- [EXERCISE INSTRUCTIONS] Every line from the one containing "Buckle-Down DC Comics" through the end of the listing below goes in the output, exactly and without pictures.

- [DATA SUPPLIED]
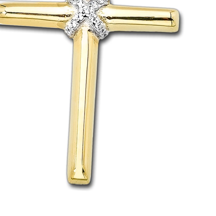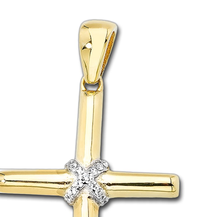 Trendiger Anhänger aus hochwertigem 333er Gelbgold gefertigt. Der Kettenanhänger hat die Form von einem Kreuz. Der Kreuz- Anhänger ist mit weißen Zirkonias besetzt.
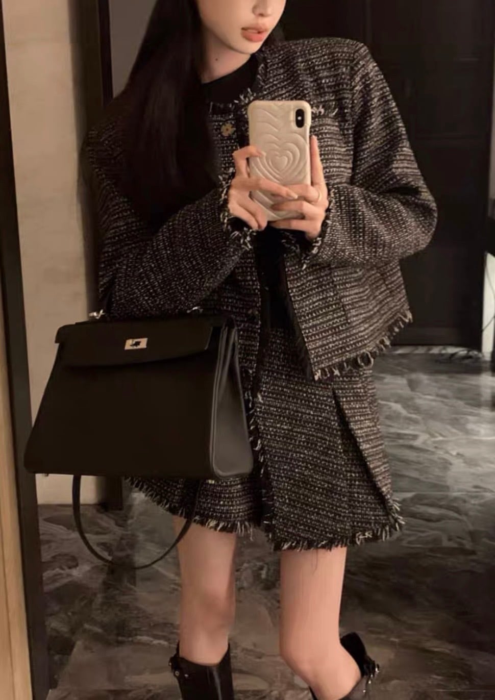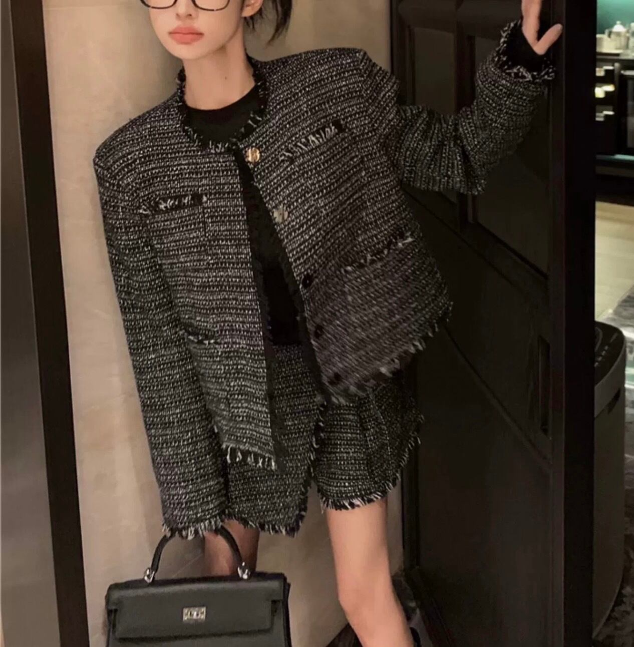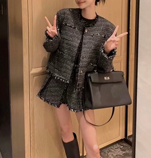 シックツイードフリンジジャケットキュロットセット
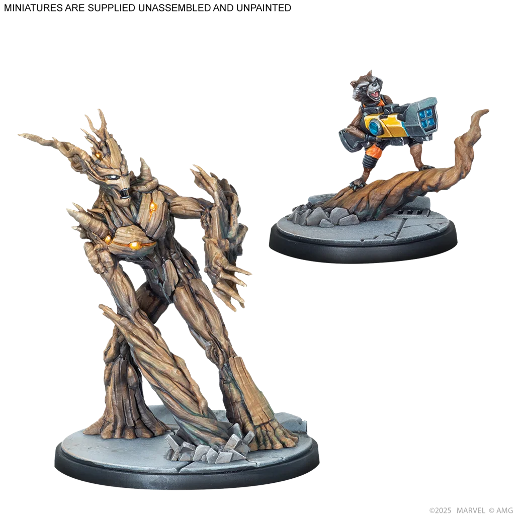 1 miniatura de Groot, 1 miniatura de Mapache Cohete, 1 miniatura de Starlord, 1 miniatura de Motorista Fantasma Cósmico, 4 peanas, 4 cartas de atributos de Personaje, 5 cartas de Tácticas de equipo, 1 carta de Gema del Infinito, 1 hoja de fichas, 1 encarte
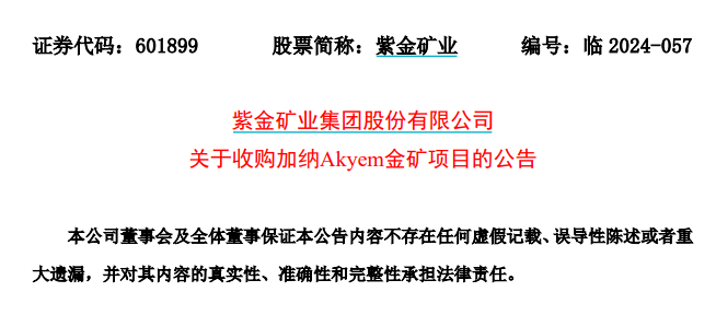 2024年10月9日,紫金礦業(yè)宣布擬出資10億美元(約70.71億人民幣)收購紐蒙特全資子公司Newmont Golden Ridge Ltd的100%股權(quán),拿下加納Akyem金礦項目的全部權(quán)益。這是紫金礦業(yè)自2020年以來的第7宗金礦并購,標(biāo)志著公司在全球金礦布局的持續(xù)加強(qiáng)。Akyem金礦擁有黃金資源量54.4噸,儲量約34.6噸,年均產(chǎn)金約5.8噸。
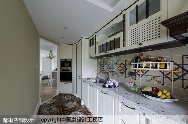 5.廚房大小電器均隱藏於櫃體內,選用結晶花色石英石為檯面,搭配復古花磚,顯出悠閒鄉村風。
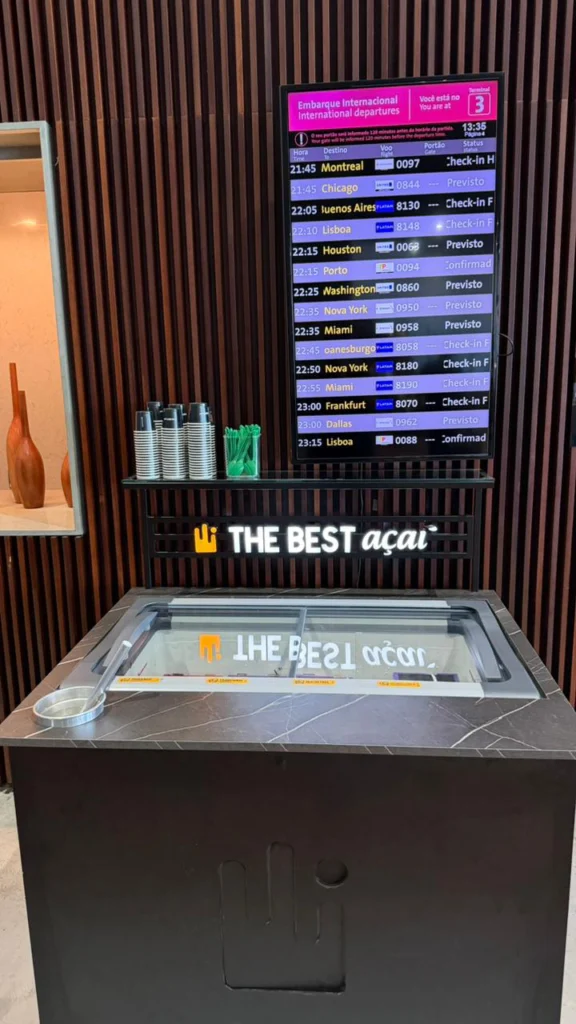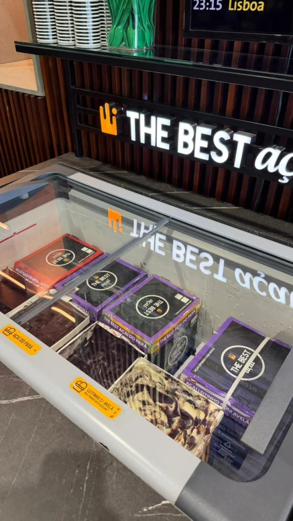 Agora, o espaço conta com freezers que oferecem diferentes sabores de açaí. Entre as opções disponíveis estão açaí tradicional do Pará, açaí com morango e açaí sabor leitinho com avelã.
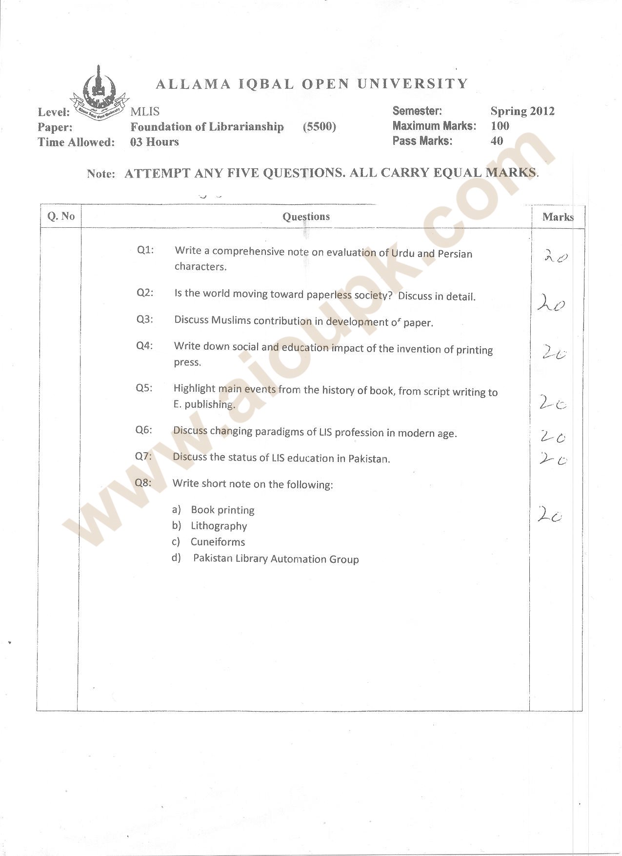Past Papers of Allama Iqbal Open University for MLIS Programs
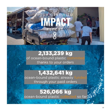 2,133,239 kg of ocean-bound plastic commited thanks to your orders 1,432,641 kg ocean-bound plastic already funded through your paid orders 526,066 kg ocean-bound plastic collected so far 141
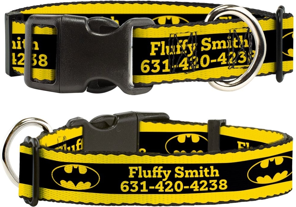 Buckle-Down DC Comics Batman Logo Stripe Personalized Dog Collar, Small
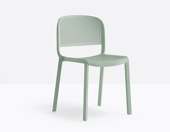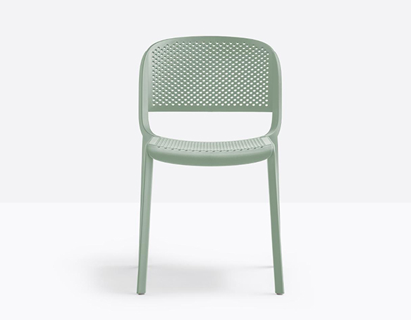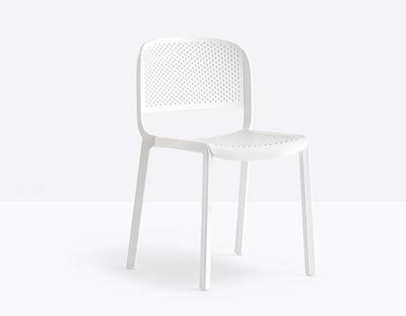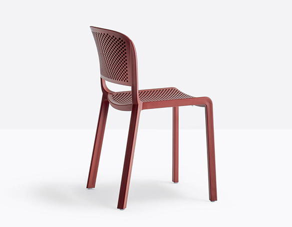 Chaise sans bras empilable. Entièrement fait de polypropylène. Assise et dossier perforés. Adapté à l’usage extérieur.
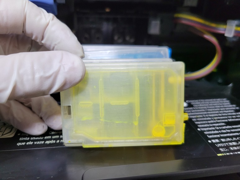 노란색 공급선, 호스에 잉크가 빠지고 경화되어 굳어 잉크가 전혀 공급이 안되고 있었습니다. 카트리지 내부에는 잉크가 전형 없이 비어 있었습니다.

- [RESPONSE]
 Buckle-Down DC Comics Batman Logo Stripe Personalized Dog Collar, Small
 Chaise sans bras empilable. Entièrement fait de polypropylène. Assise et dossier perforés. Adapté à l’usage extérieur.
 노란색 공급선, 호스에 잉크가 빠지고 경화되어 굳어 잉크가 전혀 공급이 안되고 있었습니다. 카트리지 내부에는 잉크가 전형 없이 비어 있었습니다.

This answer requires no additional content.